You wonder sometimes if anyone is ever going to tell the truth about Ontario’s Beer Store. For more than 90 years, this restrictive system of selling beer has been foisted on the province’s beer buyers. It has provided profits for brewers and sinecure for our politicians and nobody has ever shed much light on the profits and the cashflows.
It must have been someone’s idea of an April Fool’s joke a few weeks ago when it was reported by the Beer Store headquarters that the beer retail operations had lost $50 million last year. I must admit that as a public relations professional in my business life, I never lied. You hardly need to—as there are so many ways of telling the truth. I expect the Beer Store operation did sell less beer last year. It would hardly impact the Beer Store masters—the brewers—who would have more than filled the gap with increased prices and sales through the liquor control board outlets and large grocery stores.
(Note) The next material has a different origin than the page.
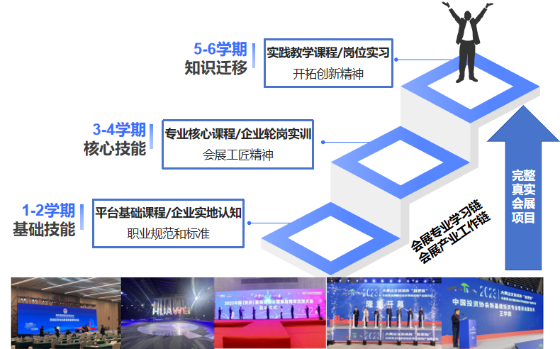 会展专业基于工作过程导向课程体系改革的基础上,借鉴德国“双元制”,由校企共同设计实施“一主线、双链条、三阶段、多项目”人才培养模式。围绕“立德树人”的根本任务为教育主线(“一主线”),与会展龙头企业深度合作,整合会展专业学习链与会展产业工作链(“双链条”),根据项目工作流程和学生认知规律,设置“专业基础课程/企业实地认知——专业核心课程/企业轮岗实训——实践教学课程/岗位实习”专业课程体系(“三阶段”),承接多项服务区域经济发展的完整真实会展项目作为教学载体,包括在合肥祥源花世界举办的“合肥斑马音乐节”、在国家会展中心举办的“首届中国县域经济投资高峰论坛”和“深圳重大交易平台推介会上海站”,在上海世博展览馆举办的“华为全联接大会”,在安庆会展中心举办的大黄山文旅城市“微更新”与和美乡村建设标识导视应用展品展示会,在合肥举办的世界制造业大会公众号运营模块等(“多项目”) ,根据安徽省大黄山建设规划部署,未来我们还将积极对接安徽省大黄山项目,为该项目会展产业发展模块提供智力支持。

And no doubt the members at Queen’s Park got their political donations. It is only politicians on the outside, looking in, who promise voters that they will be able to buy beer at convenience stores. Your corner store is in the business of convenience, elected politicians are not.
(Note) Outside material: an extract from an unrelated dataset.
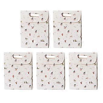 5pcs Christmas Paper Gift Boxes With Handle Flip Cover Cartoon Santa Tree Elk Snowflake Patterns Cand @BUGU

But it seems the Beer Store benefits can also mean largess for others. In an op-ed in the business section of the Toronto Star the other day, we found out that the Beer Store has four independent directors—people not on a brewer’s payroll. This opinion piece was signed by the chief operating officer of the Ontario municipal employees’ retirement system (OMERS).
It read to me as though some public relations person had written it for him and all he did was take the credit. The op-ed discussed the accounting losses and how the Beer Store revenues were really fees charged to the brewers. It also lauded the Beer Store’s environmental stewardship for collecting some two billion used beverage alcohol containers from customers. It claimed that the stores took back 95 per cent of the refillable beer bottles and about 70 per cent of the 602 million wine and spirits containers sold by the LCBO and grocers.
Maybe the Beer Store should change its name to the Used Beer Bottle Place. They obviously do a much better job on recycling than selling beer.